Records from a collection

::::

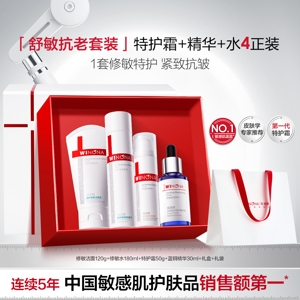 薇诺娜 【舒敏抗老礼盒】特护霜水精华4件套修护受损屏障改善泛红敏感
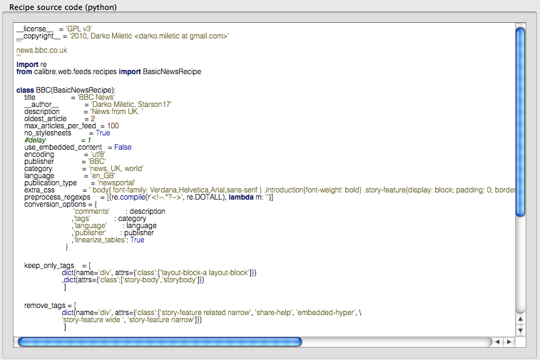 This may be an os-specific issue. On Linux, the editor uses a reasonably sized monospace font, but on OS X it's a small proportional font that's quite difficult to read (screen-grab attached, Mac OS 10.6.8 and Calibre 0.8.11). Changing the interface font in Calibre's preferences had no effect (even after restart). Thanks! |
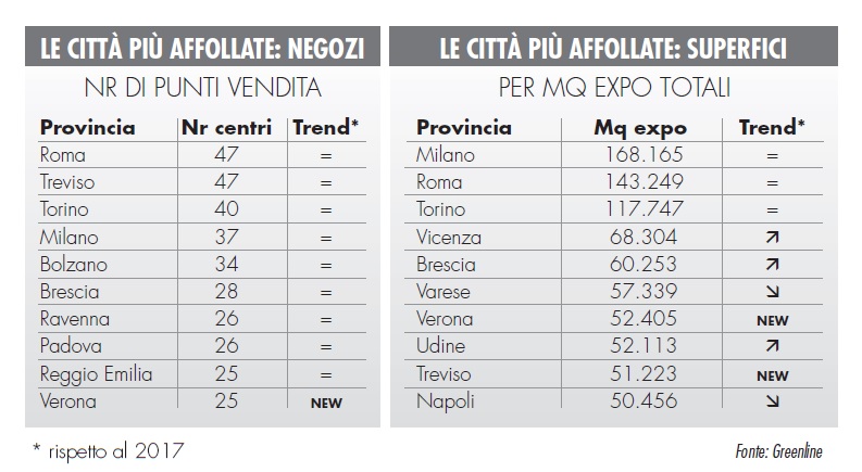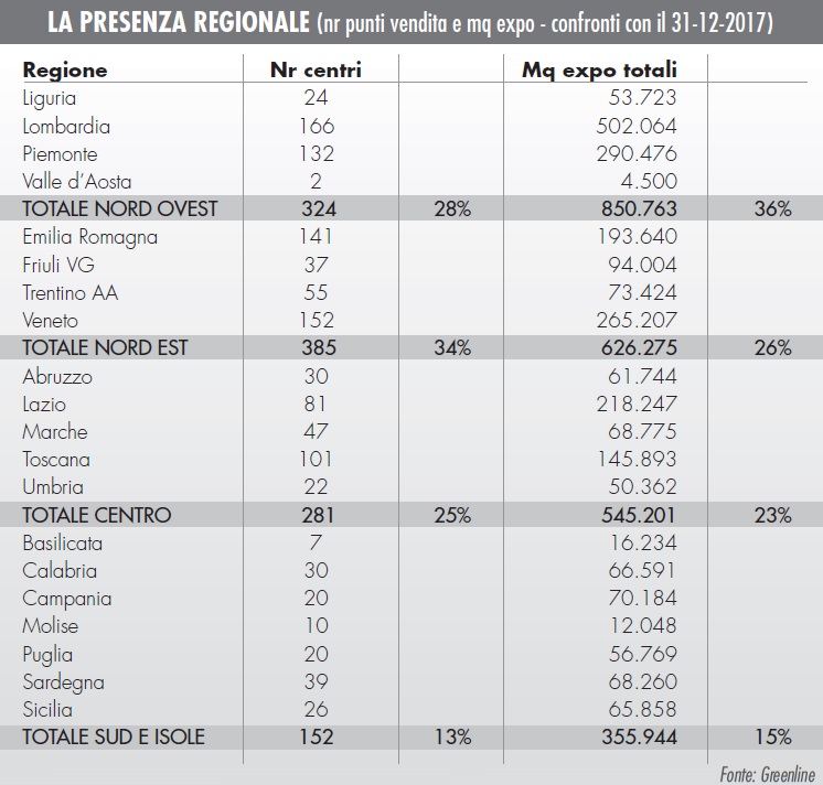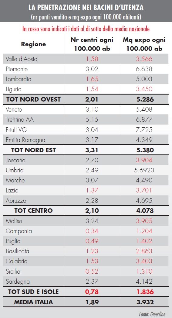 Poiché le varie aree hanno popolazioni differenti, per poter fare dei paragoni è opportuno analizzare il numero di abitanti in rapporto ai punti vendita. Possiamo così evidenziare come nel 2018 ci siano in Italia 3.932 mq espositivi ogni 100.000 abitanti, con una crescita del 3,1% rispetto ai 3.814 mq del 2017.
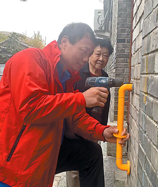 不知不覺(jué),快到中午。楊占嶺起身告別,走到大門(mén)口,發(fā)現(xiàn)墻上的無(wú)障礙扶手歪斜,一顆螺絲釘快掉下來(lái)了?!斑@多危險(xiǎn),得趕快修好!”楊占嶺趕忙取來(lái)電動(dòng)螺絲刀,將扶手牢牢固定在院墻上,“這下穩(wěn)當(dāng)了!”
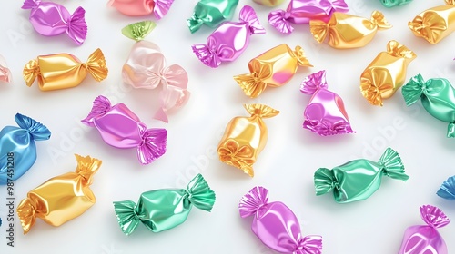 Vibrant assortment of foil wrapped candies scattered on a clean white background in a flat design style This 3D rendered image showcases the glossy
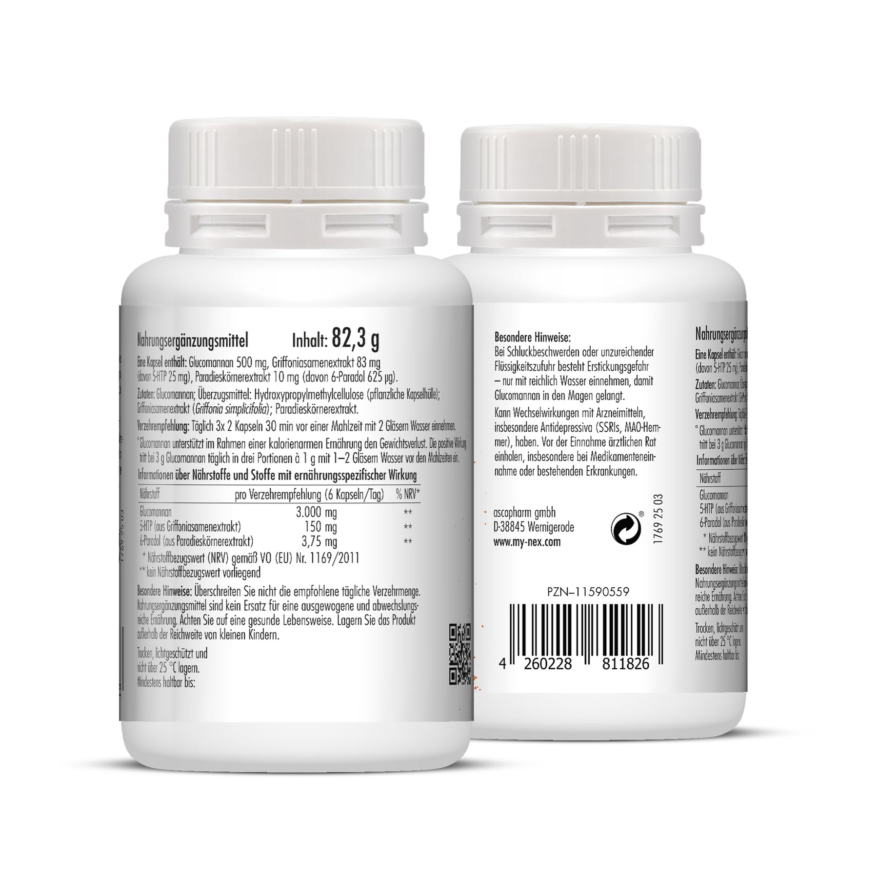 Eine Kapsel enthält:Glucomannan 500 mg, Griffonia simplicifolia Samenextrakt 84 mg (davon 5-HTP 25 mg), Paradieskörnerextrakt 10 mg (davon 6-Paradol 625 μg).
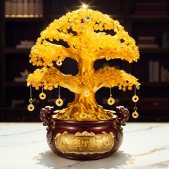 (masterpiece, best quality:1.2), crystal money tree(((masterpiece))), ((best quality)), ((intricate details)), ((Surreal))(8k),金钱树,针织玩偶,果冻形成的猫
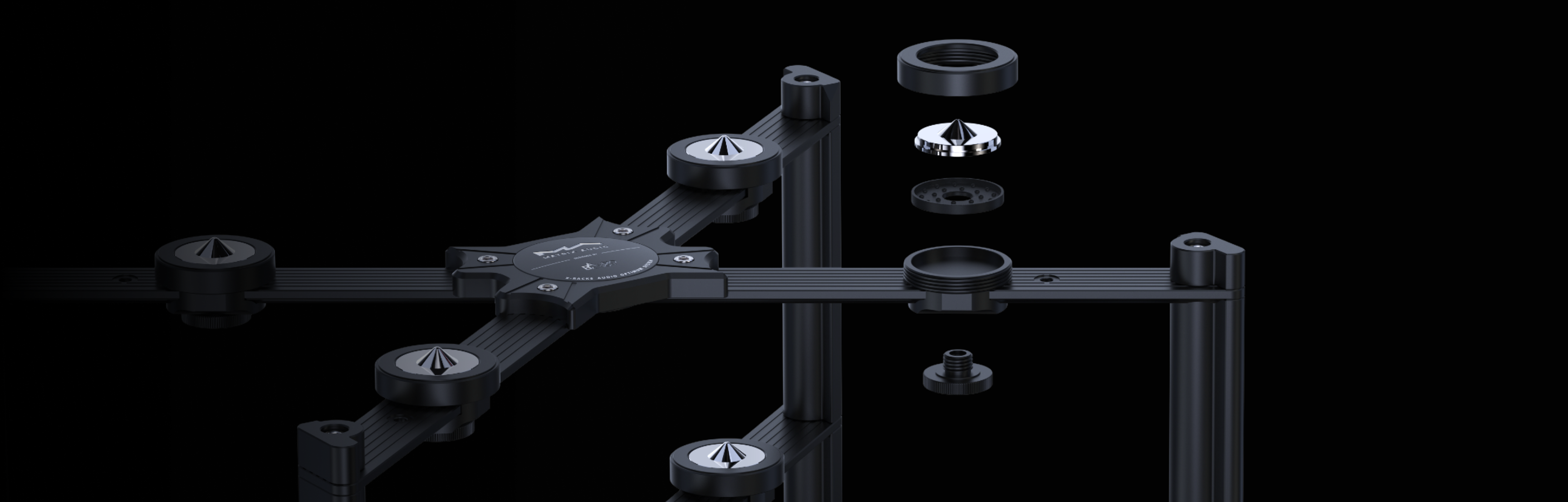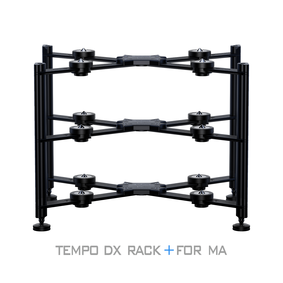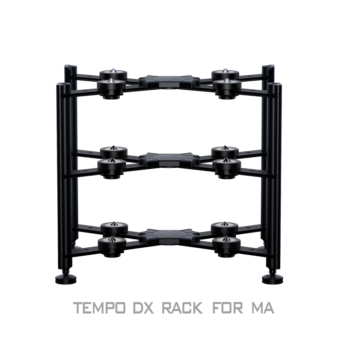 The TEMPO DX RACK adopts Audio Bastion’s proprietary X-shaped patented isolation architecture, inspired by the bolted I-beam structures used in architectural engineering. This design effectively blocks the transmission of structural resonance. The base of the rack features stainless-steel spikes that precisely interface with isolation footers in contact with the tabletop. Inside the footers, a mechanical dispersion structure composed of steel beads and silicone evenly distributes the weight of the equipment across the surface, ensuring a solid and stable foundation for every component placed on the rack.
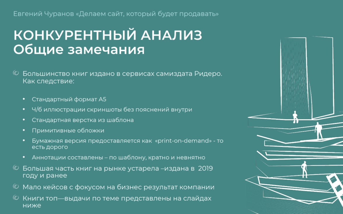 Если вы не Рэй Крок и не Андерс Дальвиг, есть другой вариант — собрать и систематизировать информацию, чтобы читатель применил знания на практике и сказал автору спасибо. Вот с Евгением Чурановым мы пошли по второму пути и написали книгу-руководство «Как сделать из сайта канал продаж».
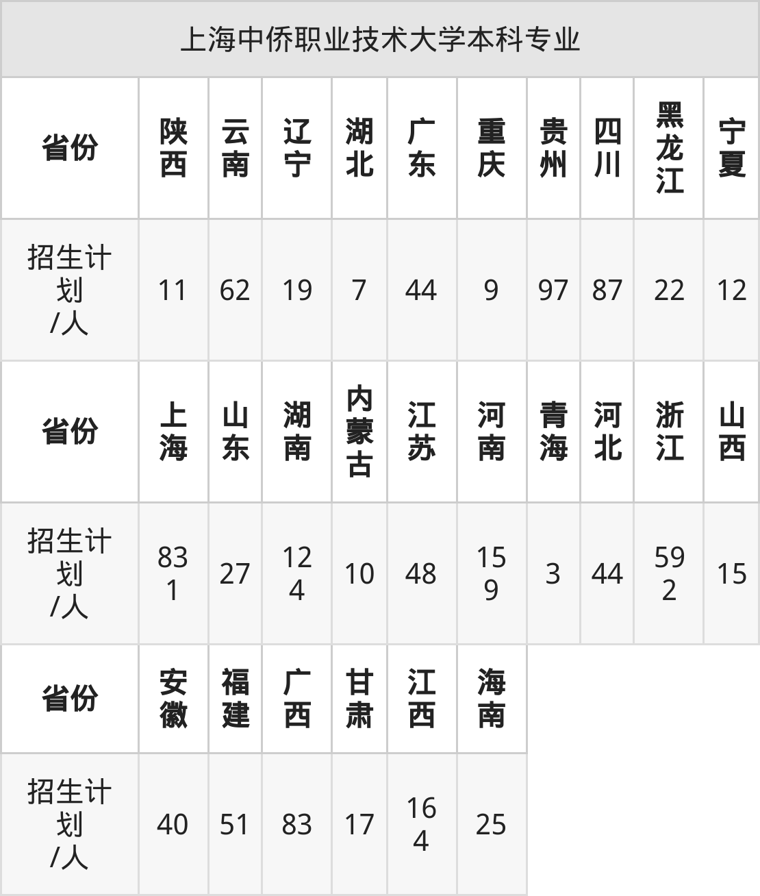 本文将详细介绍上海中侨职业技术大学最新招生计划、招生省份以及选科要求等信息。
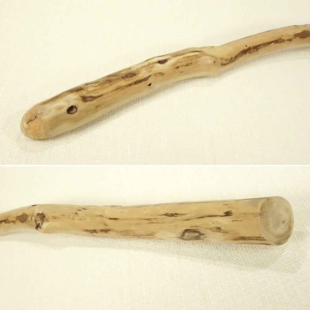 枝跡の膨らみ、そしてわずかに湾曲しながら伸びた 枝の流木棒です。
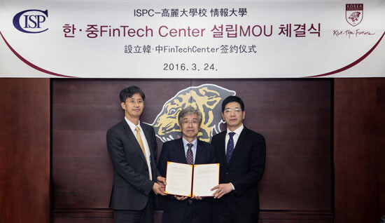 고려대학교 정보대학(학장 유혁)은 중국 국영투자기관 ISPC(회장 Sam Lin)와 함께 한-중 핀테크센터 설립을 통한 금융산업의 선진화를 위해 유기적인 업무협력체계를 구축하고자 양해각서(MOU)를 체결했다.
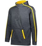 7.1 ounce 100% polyester tonal performance wicking fleece * 100% polyester performance wicking fleece solid contrast inserts and pocket welts * 3.35 ounce, 100% polyester mesh hood lining * Wicks moisture * Tagless label * Scuba shaped 3 piece hood with contrast color lightweight mesh lining and heathered tipped drawcord on Adult sizes only * Contract color sleeves stripes and front welt pockets * Raglan sleeves * Front pouch pocket * Self-fabric cuffs and bottom band
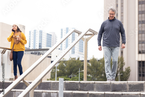 people, smartphone, step, woman, man, urban, mobility, lifestyle, casual attire, communication, fitness, copy space, mature, adult, hispanic, latino, white, talking, walking, descending, piazza, concrete, balustrade, hot drink, take-away, mustard, sweater, jean, pullover, sneaker, boot, casual clothes, activewear, office, residential, building, tree, overcast, cloudy, pedestrian, modern, multistorey, city, urban area, street, relaxed

::::

◆ **The task**
Using the records above, return verbatim only the part that opens with the line containing "不知不覺(jué),快到中午" and closes with the line containing "Eine Kapsel enthält:Glucomannan"; pictures stay out.

◆ **Response below**
 不知不覺(jué),快到中午。楊占嶺起身告別,走到大門(mén)口,發(fā)現(xiàn)墻上的無(wú)障礙扶手歪斜,一顆螺絲釘快掉下來(lái)了?!斑@多危險(xiǎn),得趕快修好!”楊占嶺趕忙取來(lái)電動(dòng)螺絲刀,將扶手牢牢固定在院墻上,“這下穩(wěn)當(dāng)了!”
 Vibrant assortment of foil wrapped candies scattered on a clean white background in a flat design style This 3D rendered image showcases the glossy
 Eine Kapsel enthält:Glucomannan 500 mg, Griffonia simplicifolia Samenextrakt 84 mg (davon 5-HTP 25 mg), Paradieskörnerextrakt 10 mg (davon 6-Paradol 625 μg).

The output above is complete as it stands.